# 🥷 BenchName Baselines
## Module summarization

This directory contains the code for running baselines for the Module summarization task in the BenchName benchmark.

We provide the implementation of baselines running inference via [OpenAI](https://platform.openai.com/docs/overview) and [Together.AI](https://www.together.ai/).
We generate documentation based on an intent (one sentence description of documentation content), target documentation name, and relevant code context. 

# How-to

## 💾 Install dependencies

We provide dependencies via the [Poetry](https://python-poetry.org/docs/) manager. 

* To install dependecies, run `poetry install`

## 🚀 Run 

#### Generation

In order to generate your predictions, add your parameters in the [configs](configs) directory and run: 

* `poetry run python chatgpt.py --config="configs/config_openai.yaml"` if you use [OpenAI](https://platform.openai.com/docs/overview) models;
* `poetry run python togetherai.py --config="configs/config_together.yaml"` if you use [Together.AI](https://www.together.ai/) models.
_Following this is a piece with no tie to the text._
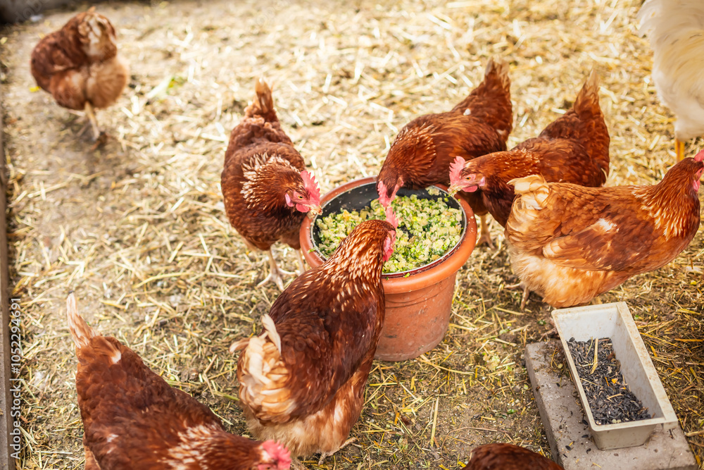 Feeding hens with grains and vegetable and greens. Natural organic farming concept.

The script will generate predictions and put them into the `save_dir` directory from config.

#### Metrics 

To compare predicted and ground truth texts, we introduce the new metric based on LLM as an assessor. Our approach involves feeding the LLM with relevant code and two versions of documentation: the ground truth and the model-generated text. To mitigate variance and potential ordering effects in model responses, we calculate the probability that the generated documentation is superior by averaging the results of two queries:

```math
CompScore = \frac{ P(pred | LLM(code, pred, gold)) + P(pred | LLM(code, gold, pred))}{2}
```

In order to evaluate predictions, add your parameters in the [config](configs/config_eval.yaml) and run:
* `poetry run python metrics.py --config="configs/config_eval.yaml"`

The script will evaluate the predictions and save the results into the `results.json` file.